Professor Maryam Mirzakhani from Stanford University is the first female to ever win the Fields Medal, which is considered the Nobel Prize in mathematics. For the past 78 years, there had been 52 medalists, all of them males. She and three other awardees received their medals in Seoul Wednesday morning from South Korean President Park Geun-Hye at the opening of the International Congress of Mathematicians in Seoul. The Congress will be from August 13 to 21, 2014.
The medal winners
This is a celebration for young female scientists and mathematicians, said Professor Mirzakhani, when the announcement was released by Stanford University on Tuesday. It is a great encouragement for female mathematicians. Duke University mathematics professor Ingrid Daubechies, who is also the head of the International Mathematical Union, said that the news is a great joy. She added that math done by a man or a woman has no difference and that the decision of the Fields Medal committee has always been based on the candidate’s results.
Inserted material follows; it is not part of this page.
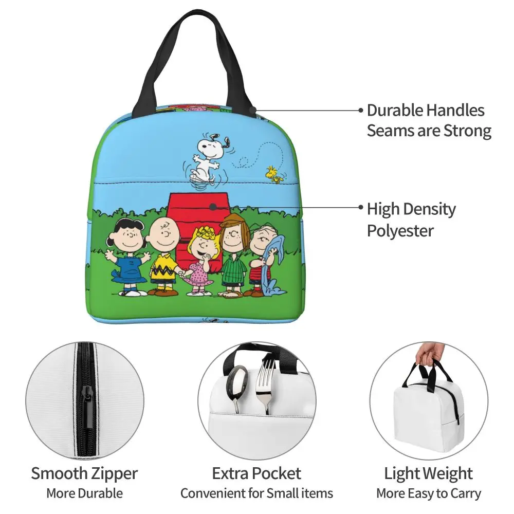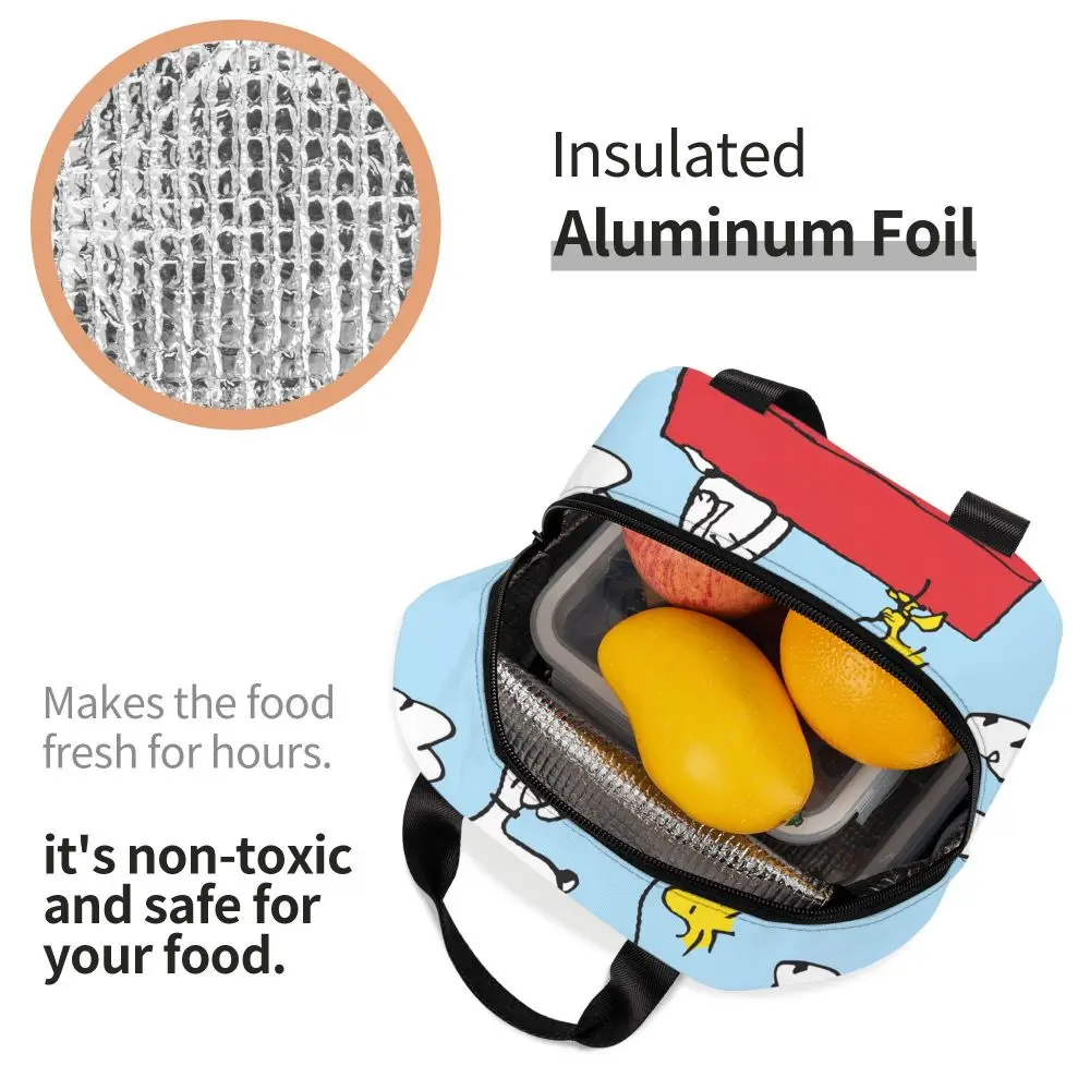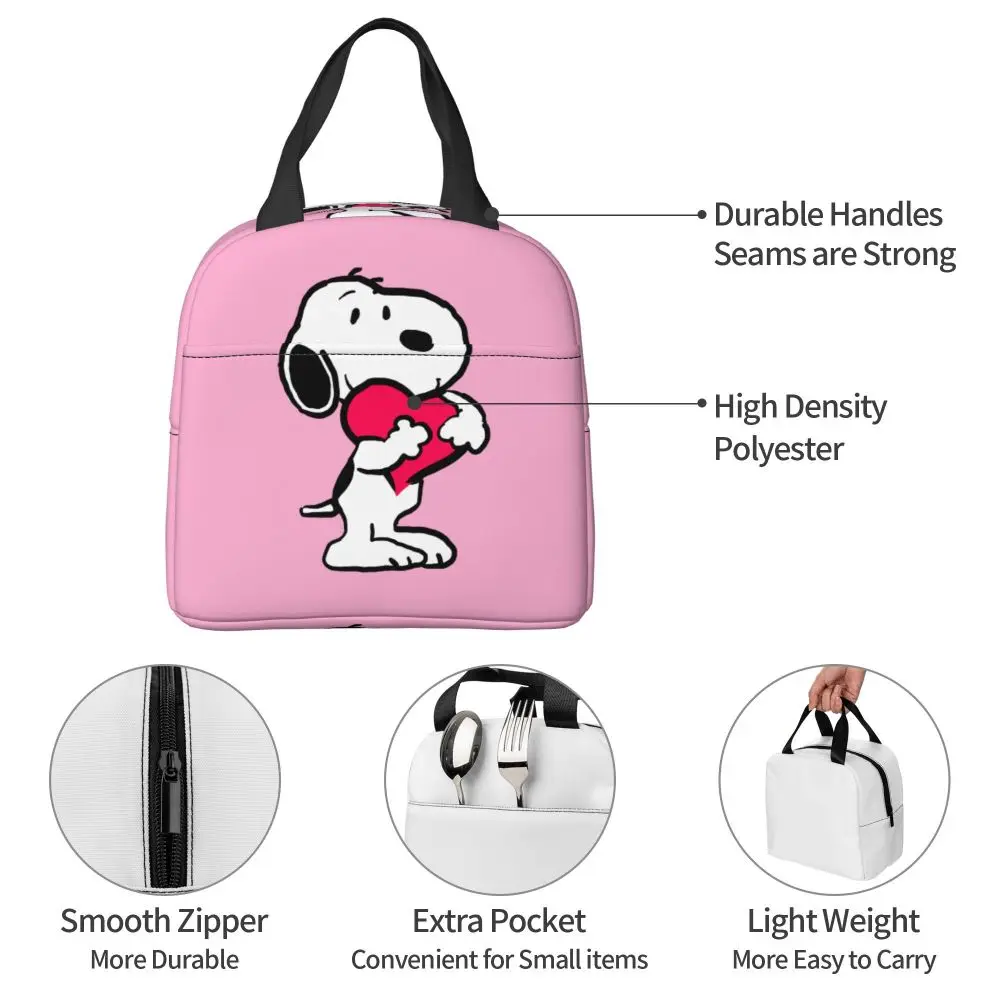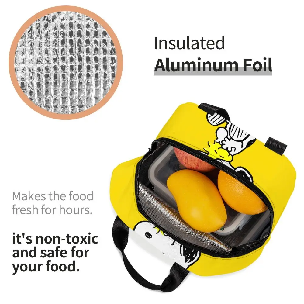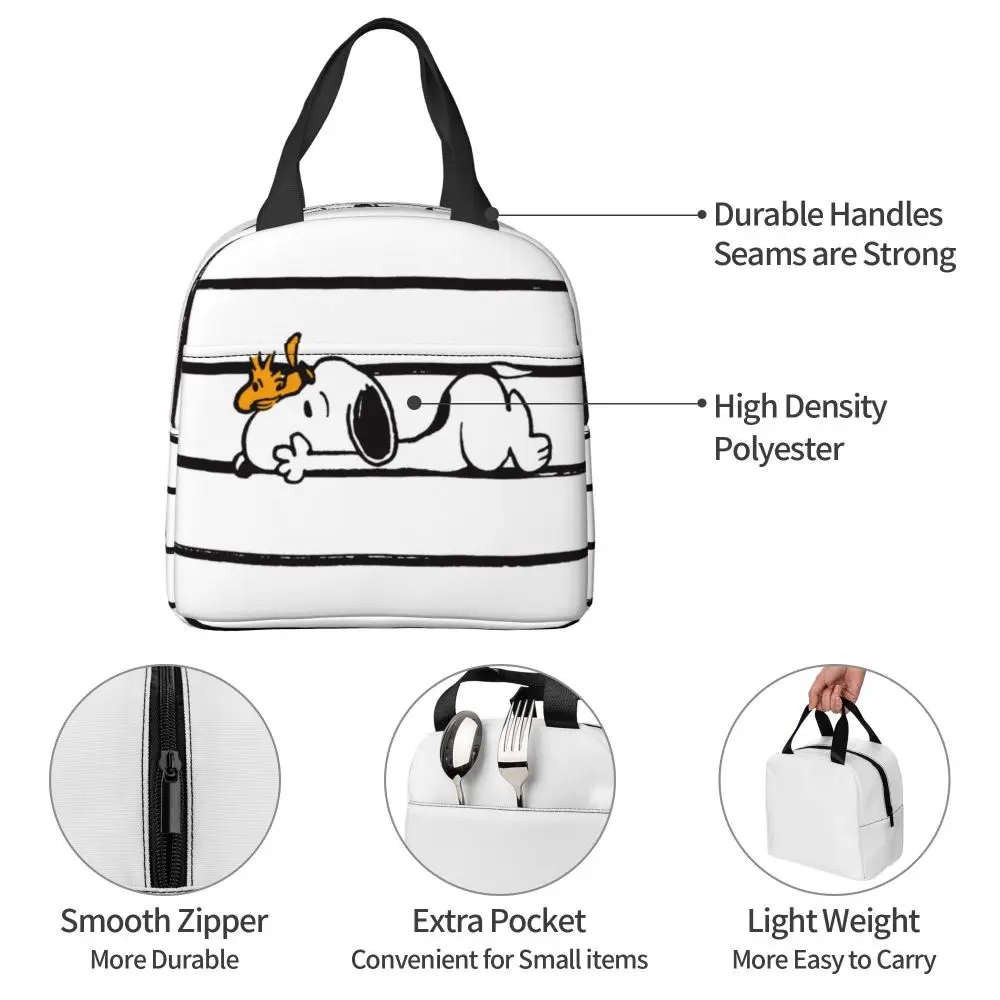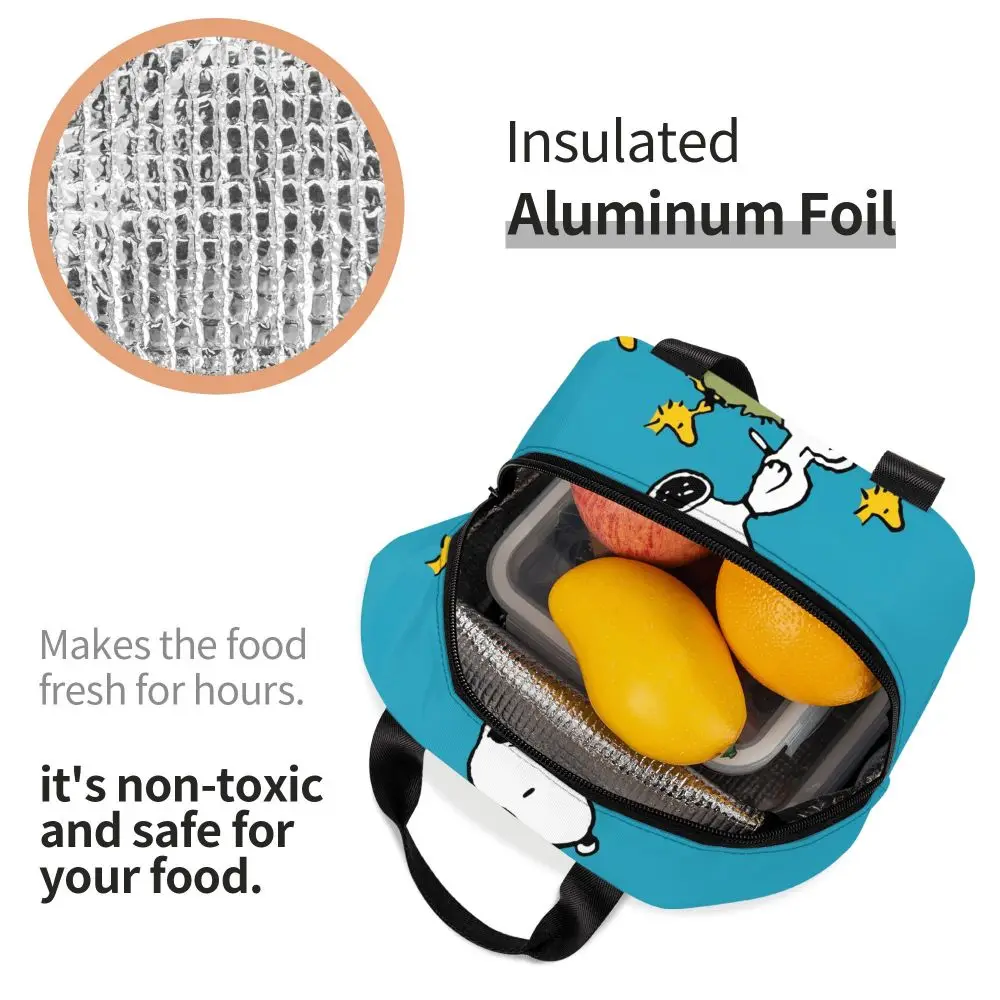 Custom Funny Cartoon Snoopy Lunch Box Waterproof Thermal Cooler Food Insulated Lunch Bag Kids For Kids Portable Picnic Tote Bags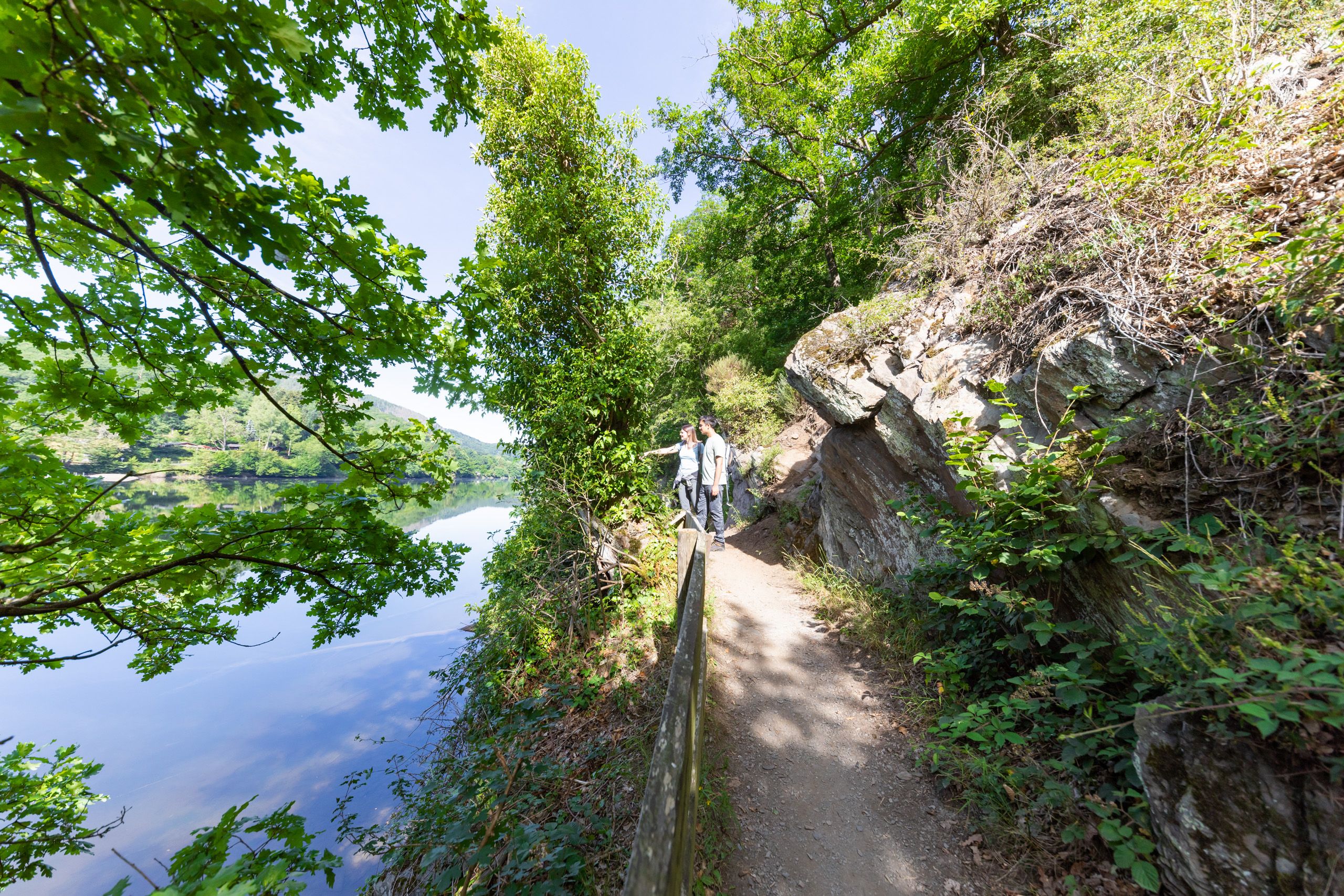 Je loopt altijd langs de rand van het water. Hier kun je je vergapen aan dichte loofbossen en heb je een prachtig uitzicht op de torenhoge Kermeter (een deel van de Rureifel op ruim 520 meter hoogte) en de Meuchelberg.

Professor Maryam Mirzakhani was born in Tehran, Iran and has been a Stanford professor since 2008. Since there is no Nobel Prize for Mathematics, this is the closest equivalent to the prestigious prize. The Fields Medal can be awarded to several recipients at once and this year, there are three other winners – Martin Hairer of the University of Warwick, Princeton University’s Manjul Bhargave and Artur Avila of the National Center for Scientific Research in France and the National Institute of Pure and Applied Mathematics in Brazil.
Mathematical research
According to Curtis T. McMullen, the doctoral adviser of Professor Mirzakhani and also a professor at Harvard, much of her research is on the behavior of dynamical systems where there is no exact mathematical solution. What she discovered was that the dynamical orbits are constricted to follow the laws of algebra. These dynamical systems identify those surfaces that have many handles, such as pretzels, whose shape evolve from the twisting and the stretching they receive, which are precise.
The Fields Medal
Canadian mathematician John Charles Fields conceived the Fields Medal, officially known as the International Medal for Outstanding Discoveries in Mathematics, to recognize the work that had already been done and to encourage its further achievement. He also designed the medal himself. It is usually awarded to mathematicians who are age 40 or younger, based on the judges’ interpretation of the terms of the trust – an award given for outstanding contributions in mathematics by young scientists. The first award was given in 1936. In 2006, the prize money was 15,000 Canadian dollars.
Disparity in the field of mathematics
Dr. McCullen, who was also a Fields Medal winner, did not want to discuss why it took more than 70 years for women to be recognized in the field of mathematics. He would rather look at this as a positive trend not only in science but also in society. Women have reached parity in several academic fields but mathematics is still male-dominated, with 70% of the doctoral degrees earned by males. Males also dominated in other prestigious math awards. The 14 recipients of the Abel Prize, and the accompanying monetary award of $1 million, given by the Norwegian Academy of Science and Letters, were all males. The same is true with Israel’s annual Wolf Prize in Mathematics, which had honored more than 50 males since 1978.